Check those logs.  There's often quite a wealth of useful stuff in there.  And make peeking at more than one system's Event Log easier by going to Microsoft's site to download a free tool called eventcombmt.  It'll grab logs from multiple systems, filter them as you like and produce summary reports.  It's a bit rough-edged but it works well and, of course, the price is right!

Simplify the Problem

I wish I had a dime for every time I get an e-mail that starts off, "I'm trying to make [fill in the blank software] run.  The client and server just don't talk."  I'm surprised because this often refers to software that I use a lot.  I ask a few questions, get a few answers, am still confused, and then the light turns on.

"Are these two systems on the same segment?"

Well, actually, no, I usually then hear, and with a bit more prodding I discover that there are two firewalls, a public cable Internet connection and a NAT router between them.  I take ten deep breaths, then suggest that they test it on a single segment with no other hardware between them.  Then, if it doesn't work, then it's probably a serious problem with whatever software they're using.  If, on the other hand, it starts working, then it's time to re-insert those devices one at a time until things stop working.  Then it's clear what needs a bit of configuring.

Look for the unusual.  Is your test machine, or the one that you're trying to install to, unusual in some way?  Is it multihomed?  Is it a virtual rather than a physical machine?  Does it run some kind of software firewall and, while we're at that, consider doing the test on an isolated segment and turn off the anti-virus and anti-spyware software.  Again, if everything works in that situation, then turn things back on until the problem recurs.  (And if it is multi-homed, then play around with the binding order of protocols on the NICs.  That can solve a surprising number of things.)

Simplify the Network

While we're at the simplification stuff...

Any network that's been running for more than a few years contains a lot of software and a lot of hardware... but the longer a network runs, the more mainly useless hardware and software it accumulates.  Maybe it's time to finally turn off that Banyan VINES server.  And do we really use that dedicated Netgear print server doodad?  The last Windows 98 box is gone... it's probably okay to kill NetBEUI.  We haven't used that VPN in two years; let's bite the bullet and take its clunky client software off the laptops.

Fewer moving parts means cleaner operation and fewer things to break.  And while you're cleaning house, it's time to ...

Know Your Network

It's a Sunday in January, 2003.  A worm of some kind is loose on your network and it is saturating your LAN's bandwidth.  You put a network monitor on your network, and discover that the bad device is at IP address 10.4.198.33.  You and your co-worker exchange a look of triumph.  But, a half-second later, those looks fade as you each ask yourselves the same question:  which computer is that?
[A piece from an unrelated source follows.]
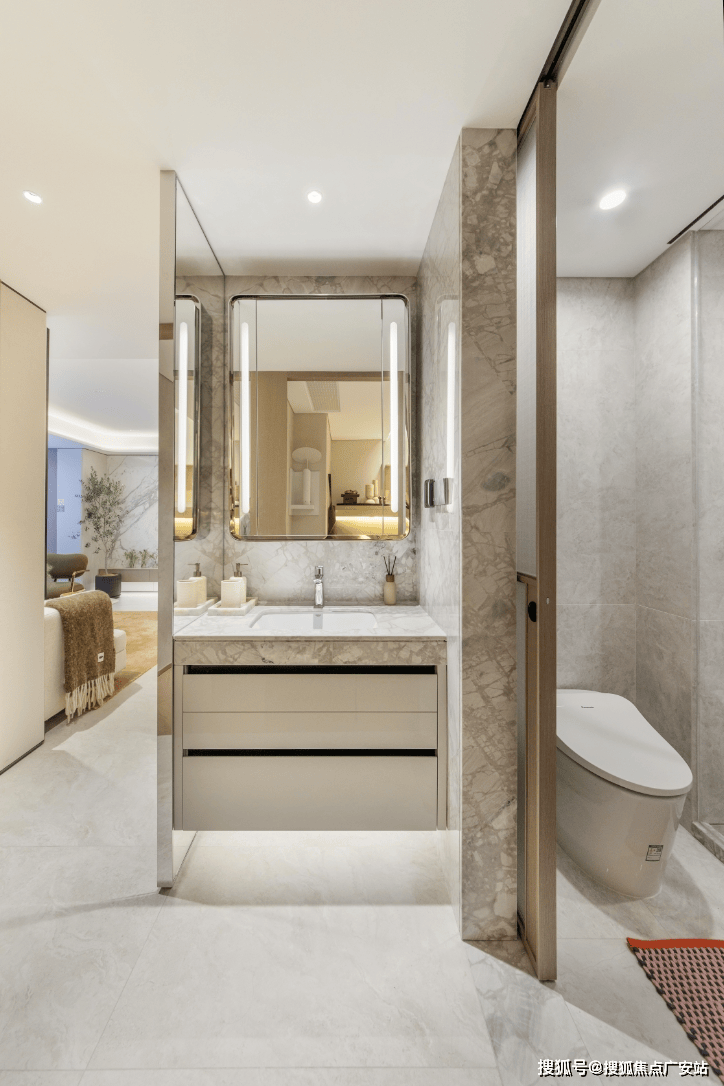 The bathroom is even equipped with a beauty refrigerator and a Grohe (or a similar brand) showerhead. The master bathroom is equipped with a Panasonic (or a similar brand) smart all-in-one toilet.

A network diagram really helps in this case.  Even the smallest firms will find some network documentation handy at one time or another.  Physical locations of systems, IP addresses, what software runs on them, what protocols run on them.  Locations of WAPs, hubs, routers, switches, as well as a pointer to wherever their drivers, configuration utilities or the like reside.

I know, this seems simple.  But there are two things to remember about this, and they're also simple -- but people forget them.  First, do this network documentation before a problem occurs.  And, second, be sure to have a copy or two that doesn't live on the network!

Isolate the Bad Component

Related to "simplify," I mean here to use clues to help zero in on the troublesome piece.  Does turning something off make the problem go away?  Does only one client have the problem?  Then focus on the client.  Do all clients have the problem?  Then focus on the server.  Does only one floor have the problem?  Check that floor's hubs, switches and routers.  Can you attach a new client and get it to work?  Then perhaps some hotfix or other upgrade got in the way.
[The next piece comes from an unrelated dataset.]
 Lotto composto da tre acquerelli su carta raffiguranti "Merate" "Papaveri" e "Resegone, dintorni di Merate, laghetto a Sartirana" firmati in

And speaking of routers, hubs and switches...

Hardware Breaks... Even Reliable Hardware

In the 21st Century, we're sort of used to software being the source of most of our problems.  That's because in the thirty-odd years since microcomputers appeared, we've seen hardware get physically smaller.  It's gotten simpler in the sense that what once required a big gray box with a twelve-inch-square motherboard and eight add-in cards now appears on a three-by-four inch motherboard with no add-in cards, and that motherboard contains a small fraction of the number of discrete chips of the older one.  It doesn't draw as much power and is therefore cooler -- and therefore longer-lived.  We have also seen the slow disappearance of moving parts, that bete noir of reliability; when was the last time you had to align a floppy drive head?  It's true also that the increasingly low cost of chips allow hardware vendors to use dedicated computing devices to make unreliable physical devices like hard disk heads and platters more reliable through automatic error detecting and correcting systems.

I suspect that anyone keeping a log of computer problems would find that 95-plus percent of their problems were software-related rather than hardware-related.  Take out the inevitable problems you see in new hardware, forswear overclocking and home-brew combinations of random CPUs and motherboards and that 95 percent rises further.  Yup, nowadays, hardware is pretty good.

Which is, unfortunately, bad.  It predisposes us not to consider hardware as a source of network mysteries.  Here are a few examples.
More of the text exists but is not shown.